To find the force on the moveable member, we use (2) with the energy expression in (5), which depends only on flux and position:
\[f_{x} = - \frac{\partial W}{\partial x} \bigg|_{\Phi} \\ = - \frac{\Phi^{2}}{2} \frac{d [1/L(x)]}{dx} \\ = \frac{1}{2} \frac{\Phi^{2}}{L^{2}(x)} \frac{dL(x)}{dx} \\ = \frac{1}{2} i^{2} \frac{dL(x)}{dx} \]
Circuit Viewpoint
This result can also be obtained using a circuit description with the linear flux-current relation of (4):
\[v = \frac{d \Phi}{dt} = L (x) \frac{di}{dt} + i \frac{dL(x)}{dt} \\ = L (x) \frac{di}{dt} + i \frac{dL(x)}{dx} \frac{dx}{dt} \]
The last term, proportional to the speed of the moveable member, just adds to the usual inductive voltage term. If the geometry is fixed and does not change with time, there is no electromechanical coupling term.

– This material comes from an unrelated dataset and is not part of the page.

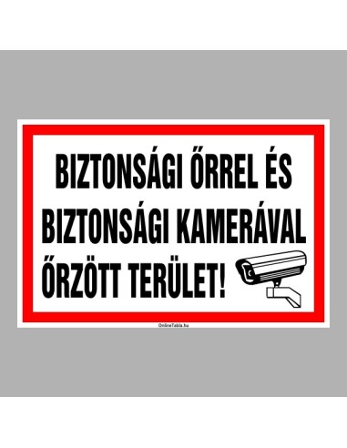 Figyelmeztető és tiltó matricák, táblák, - Tájékoztató táblák - BIZTONSÁGI ŐRREL ÉS  BIZTONSÁGI KAMERÁVAL ŐRZÖTT TERÜLET!

The power delivered to the system is
\[p = vi = i \frac{d}{dt} [L(x)i] \]
which can be expanded as
\[p = \frac{d}{dt}(\frac{1}{2}L(x)i^{2}) + \frac{1}{2}i^{2} \frac{dL(x)}{dx} \frac{dx}{dt} \]
This is in the form
\[p = \frac{dW}{dt} + f_{x} \frac{dx}{dt}, \: \left \{ \begin{matrix} W = \frac{1}{2} L (x) i^{2} \\ f_{x} = \frac{1}{2} i^{2} \frac{dL(x)}{dx} \end{matrix} \right. \]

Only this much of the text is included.